After separation, former conjoined twins still together
Two boys enjoy active lives, but still retain habits they had while conjoined
Mother Angie Benhaffaf says that the first time she saw her twin boys that they were holding hands in her womb. The scan showed her two little boys Hassan and Hussein conjoined and facing impossible odds that they would have no hope of life. Three years later, the successfully separated boys are doing quite well - but still maintain the habits they had when they were conjoined.
The bond between Hassan and Hussein is so strong they still hold hands when they sleep, just as they did when they were conjoined twins.
Doctors had originally told Benhaffaf that even if one survived, the other would die shortly afterwards. In her bleakest, darkest moments, Benhaffaf struggled to overcome the thought that she would have to bury her babies.
The twins today are constantly whizzing around on their toy cars, scrambling up the stairs or tumbling around on the floor with their big sisters.
Both walk with the aid of newly-fitted prosthetic legs, plus specially designed frames on wheels.
"There's obviously a bit of competitiveness between them and they're pretty fearless," their mother says. "It's lovely to see."
He twins originally "shared just about everything" - including their liver and the pericardium sac membrane surrounding their hearts. Despite the risks, surgeons were able to separate them without life-threatening consequences.
Medical teams at London's University College Hospital, where they were born, and at nearby Great Ormond Street Hospital, a 14-hour operation to separate them was performed when they were six months old.
The twins recently celebrated their third birthday.
Angie recalls the time when she and her Algerian-born husband Azzedine, she bought two small teddy bear ornaments and had "Hassan and Hussein, 2009" inscribed on them, two weeks before the boys were born.
"The doctors had warned us it was highly unlikely they would survive the birth. In my heart, I realized there was a possibility we would be burying them at Christmas.

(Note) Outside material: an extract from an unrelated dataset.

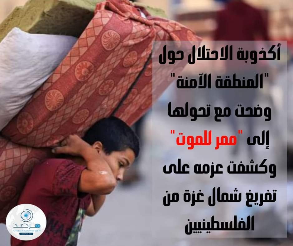 “مرصد الأزهر”: أكذوبة الاحتلال حول “المنطقة الآمنة” وضحت مع تحولها إلى “ممر للموت” وكشفت عزمه على تفريغ شمال غزة من الفلسطينيين

"I thought if they do die, I'd put the ornaments on the tree every year. That way, we'd still have them with us in memory.
"It's really painful but every year, that's what I have done, just to remember how many times we nearly lost them both.
"Now I look at the two of them, and see how happy they are, and feel so very grateful just to have them. We see them as our little miracles. When we are all together in this house, that's all that really matters," she says.